Records shown =>
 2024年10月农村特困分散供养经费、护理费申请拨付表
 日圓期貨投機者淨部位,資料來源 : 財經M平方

--

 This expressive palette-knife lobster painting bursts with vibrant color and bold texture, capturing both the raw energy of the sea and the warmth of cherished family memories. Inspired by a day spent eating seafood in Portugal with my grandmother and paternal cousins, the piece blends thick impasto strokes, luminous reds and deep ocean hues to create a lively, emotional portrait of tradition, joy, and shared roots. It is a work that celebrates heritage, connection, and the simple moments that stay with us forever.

==

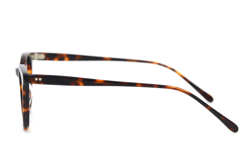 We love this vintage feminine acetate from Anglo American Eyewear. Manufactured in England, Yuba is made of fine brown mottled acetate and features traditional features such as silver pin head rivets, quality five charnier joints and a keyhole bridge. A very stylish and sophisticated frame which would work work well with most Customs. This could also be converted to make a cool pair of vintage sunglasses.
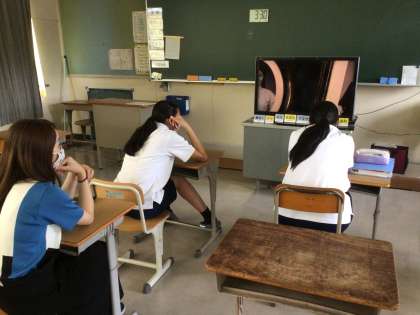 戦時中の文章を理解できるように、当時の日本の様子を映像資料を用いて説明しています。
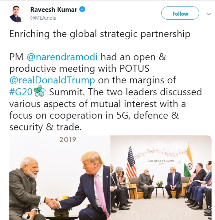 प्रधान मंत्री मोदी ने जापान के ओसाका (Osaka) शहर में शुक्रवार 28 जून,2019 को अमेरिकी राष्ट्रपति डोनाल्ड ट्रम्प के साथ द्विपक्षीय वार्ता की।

Assigned task => A word-for-word reproduction is needed of the lines above from the line containing "戦時中の文章を理解できるよう" through the line containing "प्रधान मंत्री मोदी", with both ends kept and no pictures.

Output of the task =>
 戦時中の文章を理解できるように、当時の日本の様子を映像資料を用いて説明しています。
 प्रधान मंत्री मोदी ने जापान के ओसाका (Osaka) शहर में शुक्रवार 28 जून,2019 को अमेरिकी राष्ट्रपति डोनाल्ड ट्रम्प के साथ द्विपक्षीय वार्ता की।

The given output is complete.